-- Task prompt --
Exact copy, no pictures: return only the lines below from the line with "Flevo 2 ligt" up to and including the line with "4'lü Parlak Sütlü".

-- Data to use --
[Start of section]
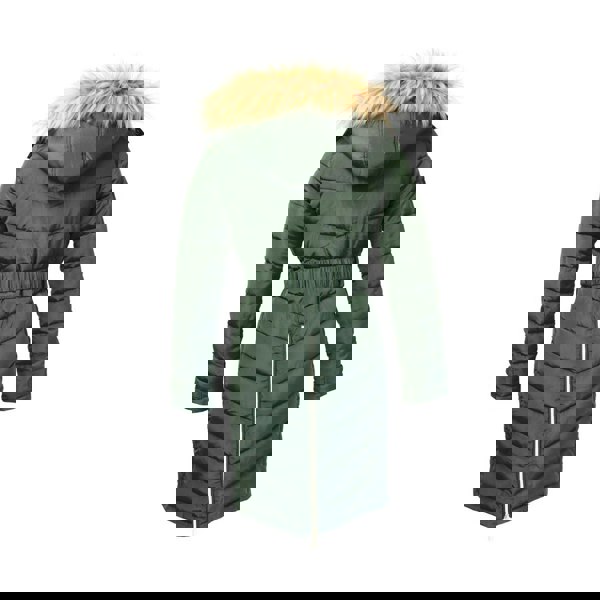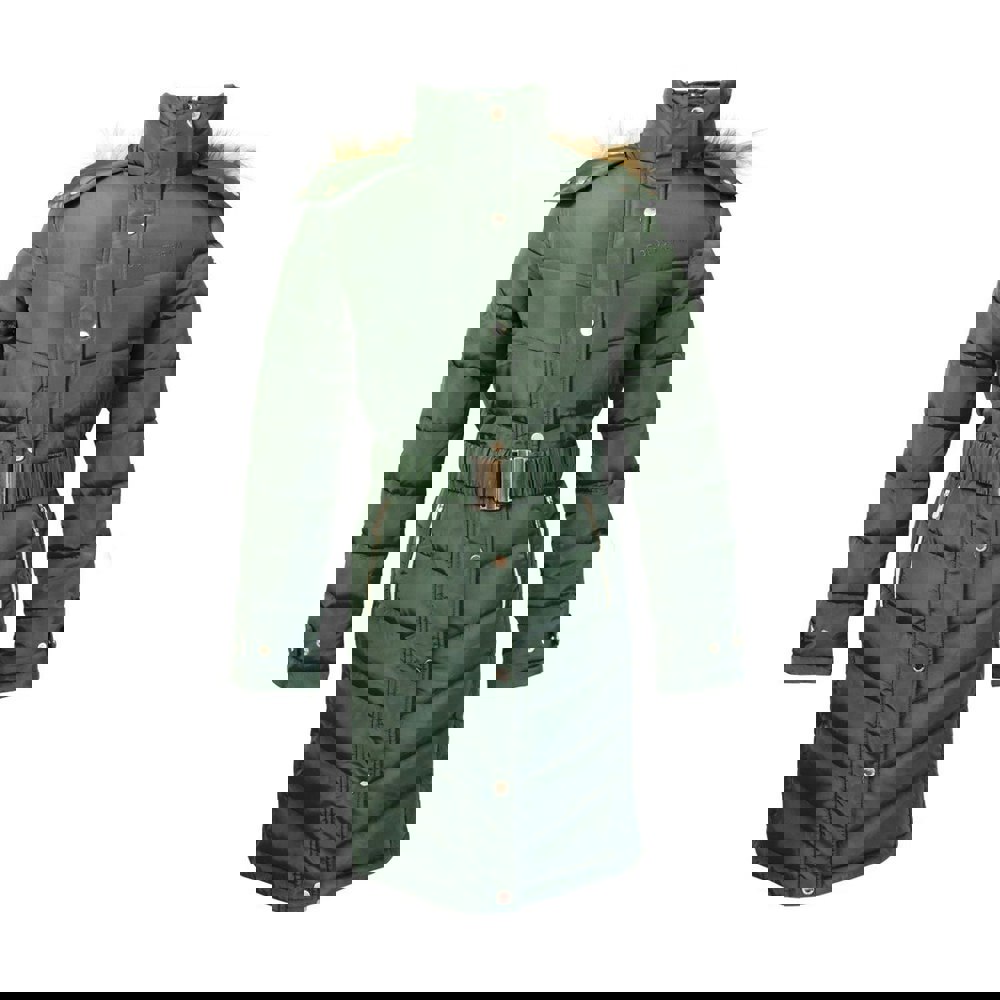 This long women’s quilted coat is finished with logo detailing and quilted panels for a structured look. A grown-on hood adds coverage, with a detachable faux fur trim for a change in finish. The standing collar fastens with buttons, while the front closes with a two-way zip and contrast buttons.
[End of section]
[Start of section]
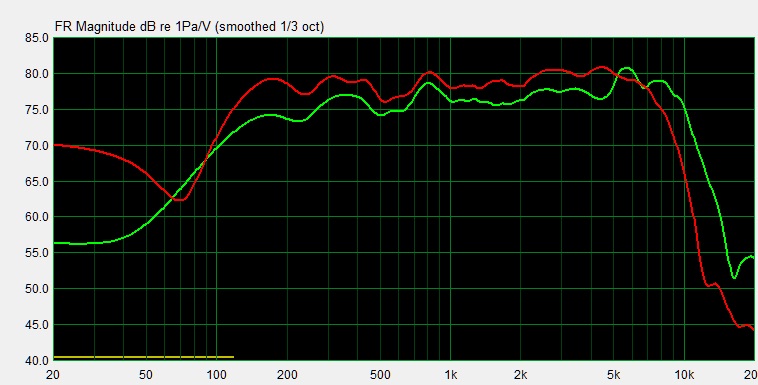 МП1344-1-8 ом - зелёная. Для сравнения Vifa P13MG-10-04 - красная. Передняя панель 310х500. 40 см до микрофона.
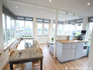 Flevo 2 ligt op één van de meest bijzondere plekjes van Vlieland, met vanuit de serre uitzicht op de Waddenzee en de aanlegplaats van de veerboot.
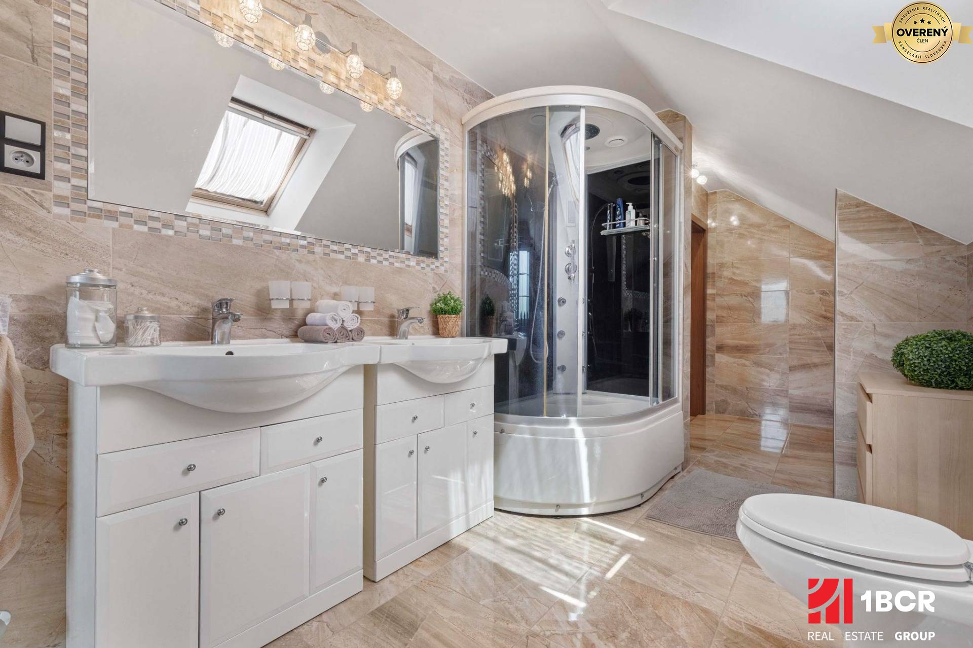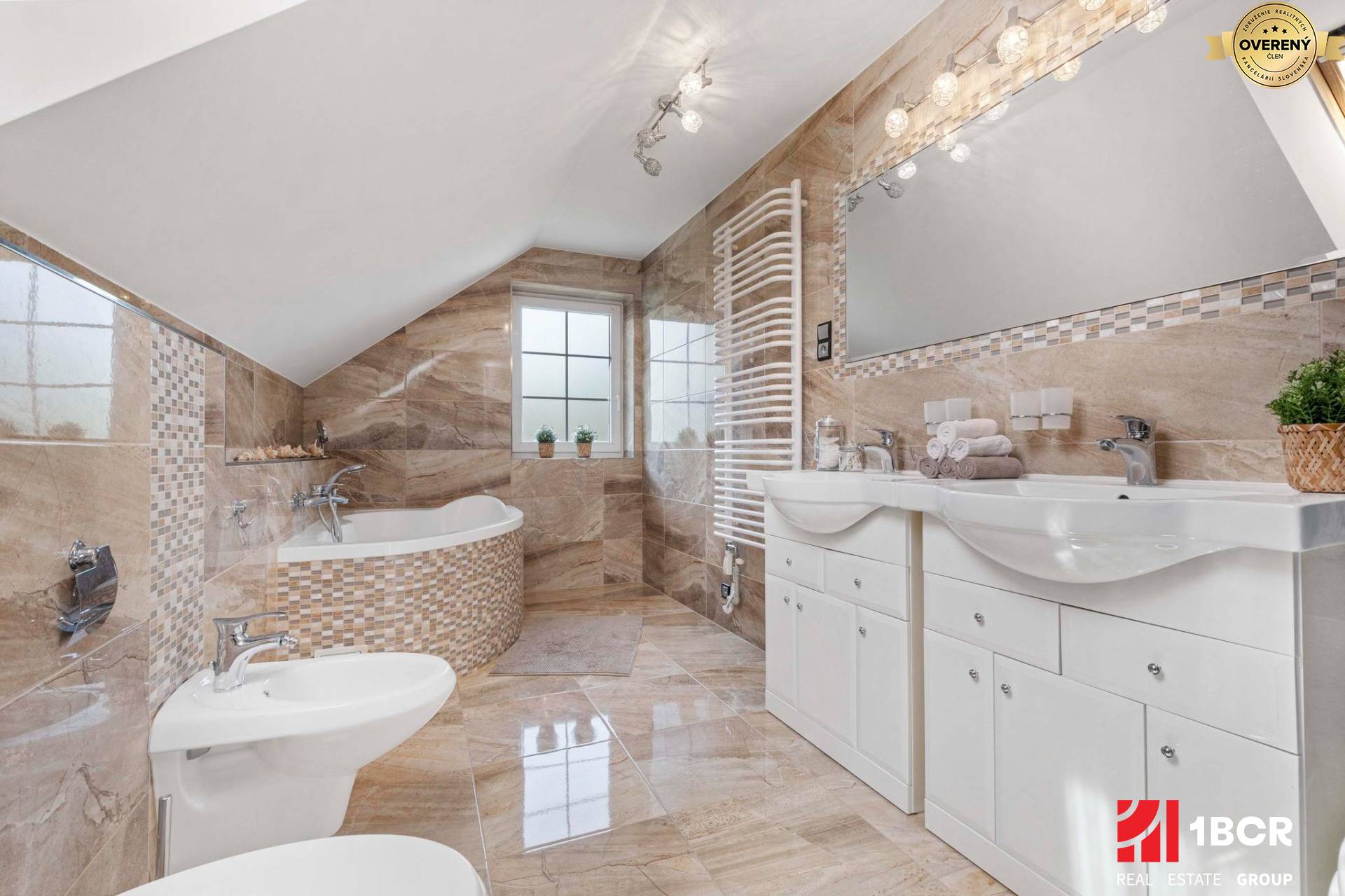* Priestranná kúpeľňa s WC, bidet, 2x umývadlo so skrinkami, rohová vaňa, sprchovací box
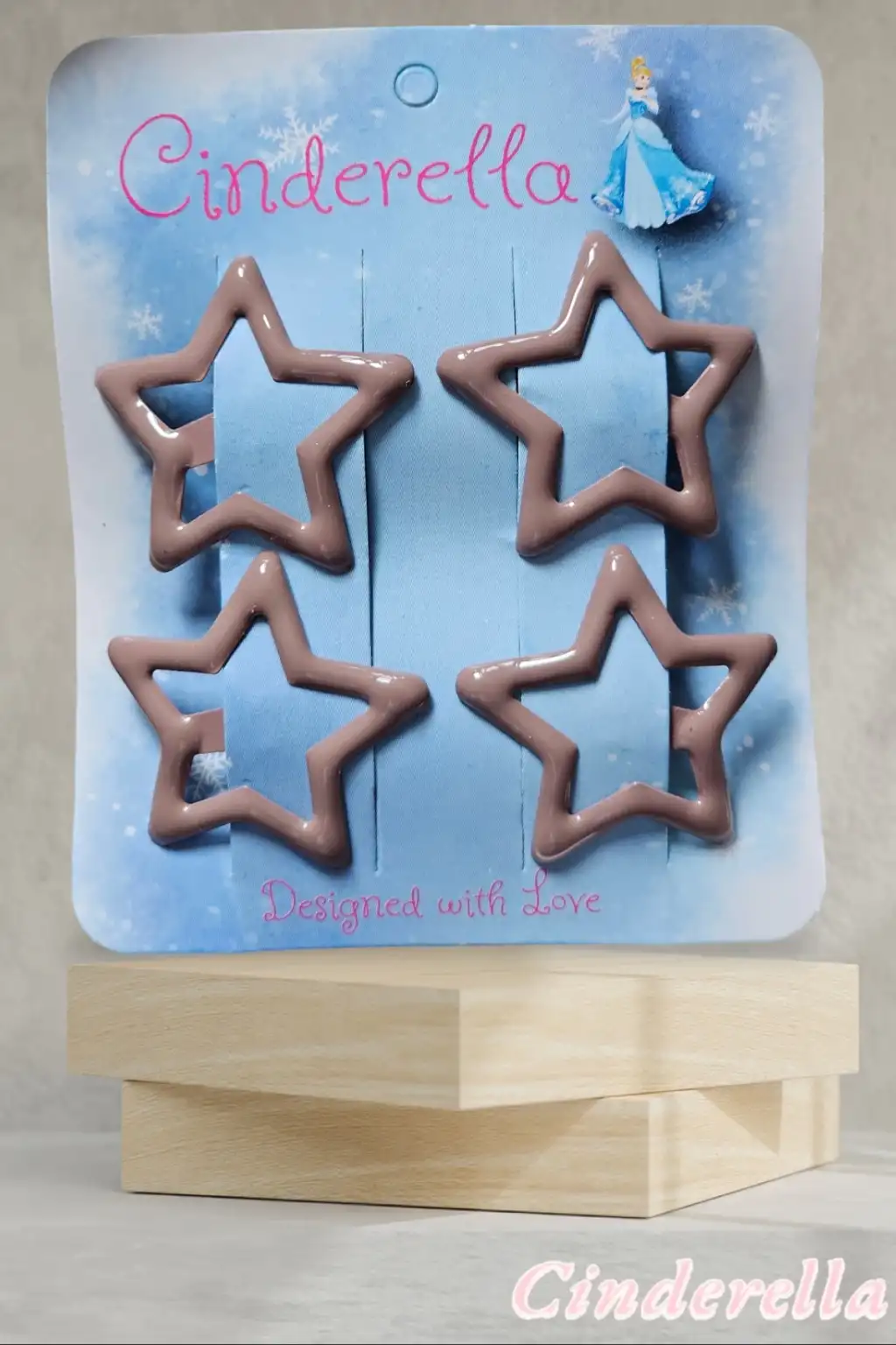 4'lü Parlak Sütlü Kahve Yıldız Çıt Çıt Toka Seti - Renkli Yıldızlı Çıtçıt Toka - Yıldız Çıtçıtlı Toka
[End of section]
-- Task solution --
 Flevo 2 ligt op één van de meest bijzondere plekjes van Vlieland, met vanuit de serre uitzicht op de Waddenzee en de aanlegplaats van de veerboot.
* Priestranná kúpeľňa s WC, bidet, 2x umývadlo so skrinkami, rohová vaňa, sprchovací box
 4'lü Parlak Sütlü Kahve Yıldız Çıt Çıt Toka Seti - Renkli Yıldızlı Çıtçıt Toka - Yıldız Çıtçıtlı Toka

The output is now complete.